観光の中心でもあるワイキキにあるアラワイ運河は毎年嵐や大雨になる度に運河に水が流れ出す危険にさらされてきた。
当局では当初、洪水被害から周辺の住民を守るために100年に一度あるかどうかという大洪水にも備えられるよう、雨水を海に流し込む洪水対策を進めようとしてきたが、技術力の問題とかかる金額の問題で頓挫した。
アメリカ陸軍工兵隊のホノルル司令官であるエリック・マーシャル中佐は「地域が経験したこともないような嵐のために設計しようとしていたので、それは現実的ではありませんでした。間違っていたというわけではありません。するように命じられたことをしていたのです」
当初の計画ではマノアとパロロ周辺の洪水を抑えるための大きな調整池と、アラワイ運河の土手に沿って高さ4フィートの壁の建設が含まれており、計画通りの建設費用は予算の3億4,500万ドルを大幅に超える6億5,100万ドルという見積もりとなった。
周辺住民からもこの大型工事に対する反対意見が多く、かかる金額も高すぎた。
それを踏まえて新しい計画が進められようとしているとホノルル・スター・アドバタイザーが伝えている。
ホノルル市と陸軍工兵隊は、まず地域住民が何を望んでいるかという意見を聞き取るためのタウン・ホール・ミーティングの開催を開始したという。
上流で流れが堰き止められているために大雨の際に大きな被害となっている事実をマノア住民が指摘している。
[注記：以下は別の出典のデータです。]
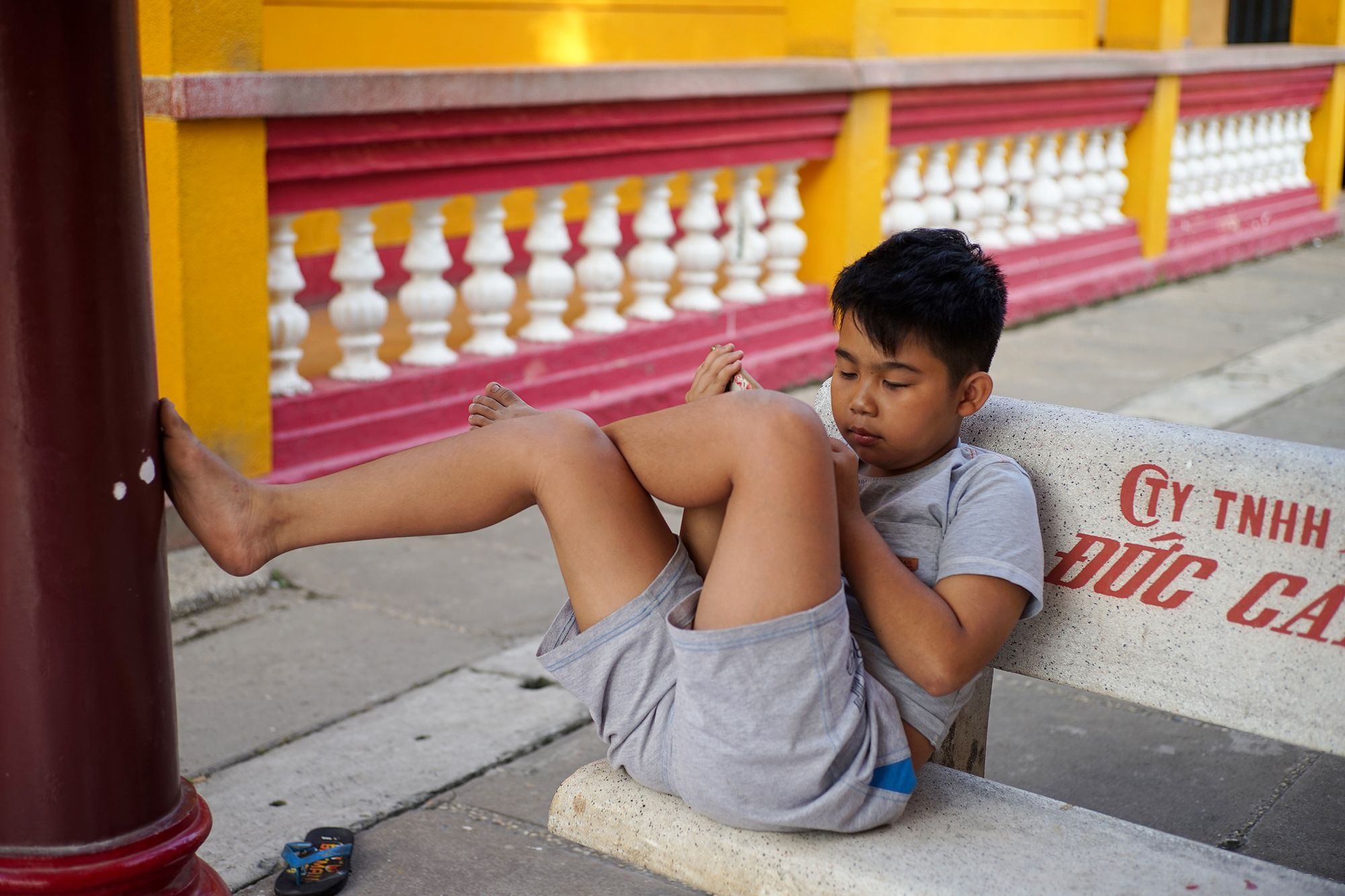 Sân đình là chỗ chill của những bạn nhỏ nhà gần đây. Ảnh Nam Quach

「メンテナンスの問題です。ホノルル市の責任なのに、明らかにメンテナンスができていません」
リック・ブランジャルディ市長は「私たちにとって大きな問題です。対応を検討していますが、本当に長い間放置されてきた問題だと思っています。だからこそ、この計画を実行することが重要です」と述べている。
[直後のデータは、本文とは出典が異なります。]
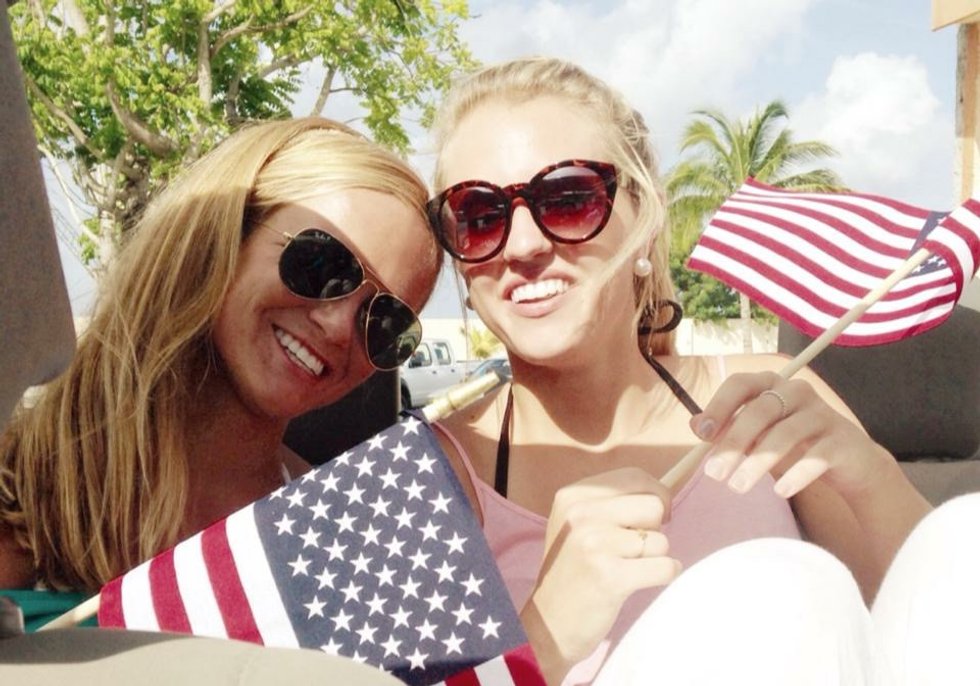Next, we have two colligate enemies coming together as one to celebrate our great country: Amanda DioGuardi (left) from the University of Florida and Peyton Peck from Florida State University.

気候変動による、より強い嵐の可能性や海水の上昇の恐れにも対応が必要だ。
マーシャル中佐は「非常に現実的で、地域住民に求められているものを建設したいと考えています」と述べている。
地域住民の声を聞くためのタウン・ミーティングはこれからさらに7回開催されることになっており、最終報告は2年後になるという。